To run the container (detached) execute:

  docker run -tid -e USERNAME=root --name pheno-ranker cnag/pheno-ranker:latest

To enter:

  docker exec -ti pheno-ranker bash

The command-line executable can be found at:

  /usr/share/pheno-ranker/bin/pheno-ranker

The default container user is C<root> but you can also run the container as C<$UID=1000> (C<dockeruser>). 

  docker run --user 1000 -tid --name pheno-ranker cnag/pheno-ranker:latest
 
=head3 Mounting volumes

Docker containers are fully isolated.

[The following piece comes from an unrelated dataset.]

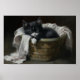 Añade este precioso gatito a tu pared para garantizar una sonrisa cada día. Este cuadro se centra en un gatito blanco y negro adorable instalado sobre una manta blanca en una cesta escondida en un rincón acogedor. Los ojos del gatito son brillantes y curiosos, y parece estar llegando juguetamente a los extremos de la manta. ¡Las cuerdas blancas de los extremos son tan tentadoras! El entorno es poco luminoso, lo que crea una sensación de calidez e intimidad. El cuadro desprende una sensación de confort y tranquilidad, como si el espectador se hubiera topado con un momento de serenidad en la vida de este pequeño y lúdico felino. Los detalles de la pintura se unen para crear una escena encantadora y encantadora que encantará a cualquier amante del gato.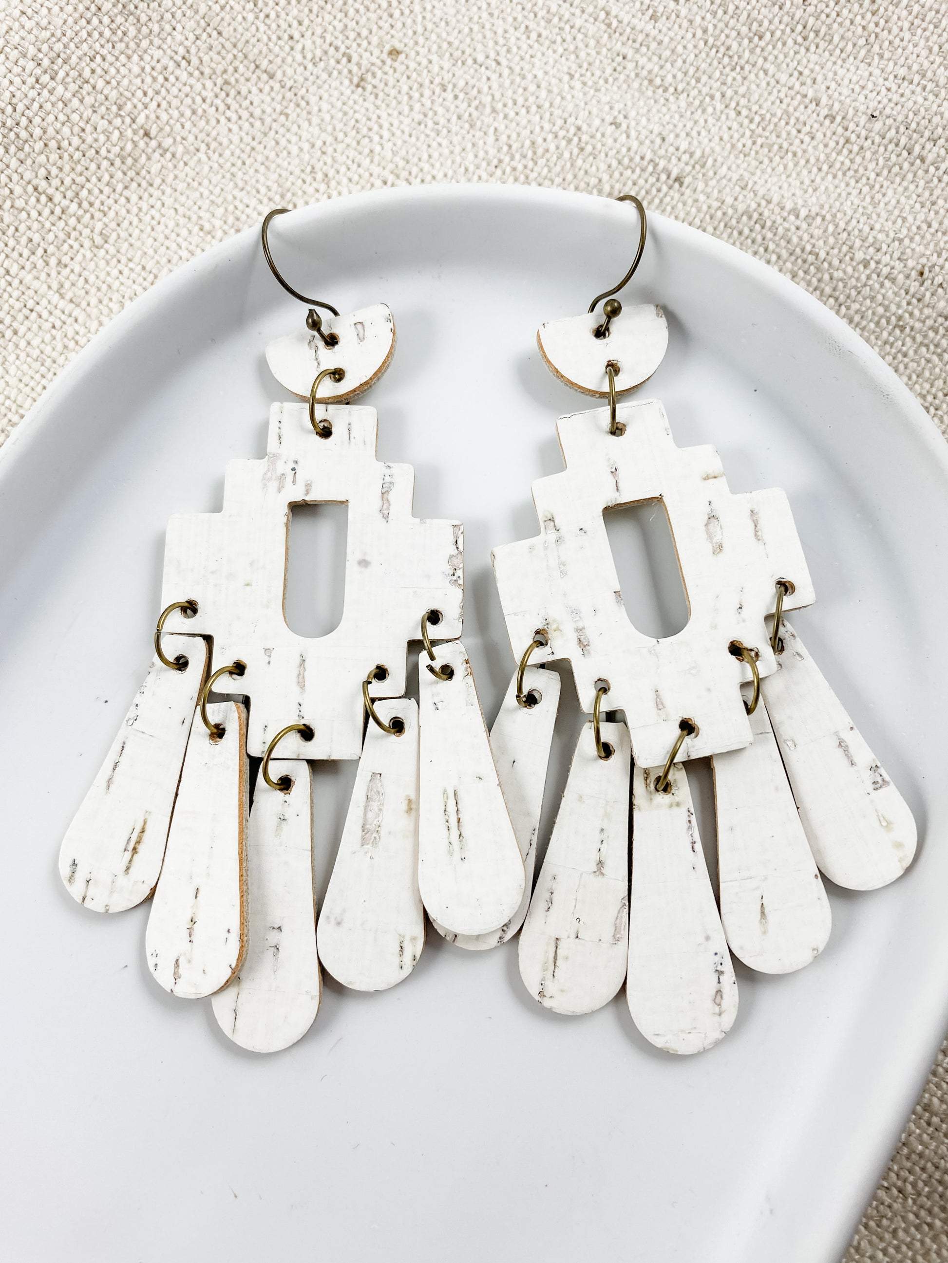 Looking for a standout accessory to add to your jewelry collection? Look no further than our White Mesa Earrings! These handmade statement earrings are crafted from creamy white birch cork and genuine leather and measure a stunning 3.5" long, making them a real head-turner.

If you need the mount a volume to the container please use the following syntax (C<-v host:container>). 
Find an example below (note that you need to change the paths to match yours):

  docker run -tid --volume /media/mrueda/4TBT/data:/data --name pheno-ranker-mount cnag/pheno-ranker:latest

Then I will do something like this:

  # First I create an alias to simplify invocation (from the host)
  alias pheno-ranker='docker exec -ti pheno-ranker-mount /usr/share/pheno-ranker/bin/pheno-ranker'

  # Now I use the alias to run the command (note that I use the flag --o to specify the filepath)
  pheno-ranker -r /data/individuals.json -o /data/matrix.txt

=head3 System requirements

  - OS/ARCH supported: B<linux/amd64> and B<linux/arm64>.
  - Ideally a Debian-based distribution (Ubuntu or Mint), but any other (e.g., CentOS, OpenSUSE) should do as well (untested).
    The Perl CLI is also tested on macOS and Windows; container images are Linux-based.
  * Perl 5 (>= 5.26 core; installed by default in most Linux distributions). Check the version with "perl -v".
  * >= 4GB of RAM
  * 1 core
  * At least 16GB HDD

=head1 HOW TO RUN PHENO-RANKER

For executing pheno-ranker you will need a PXF/BFF file(s) in JSON|YAML format. The reference cohort must be a JSON array, where each individual data are consolidated in one object.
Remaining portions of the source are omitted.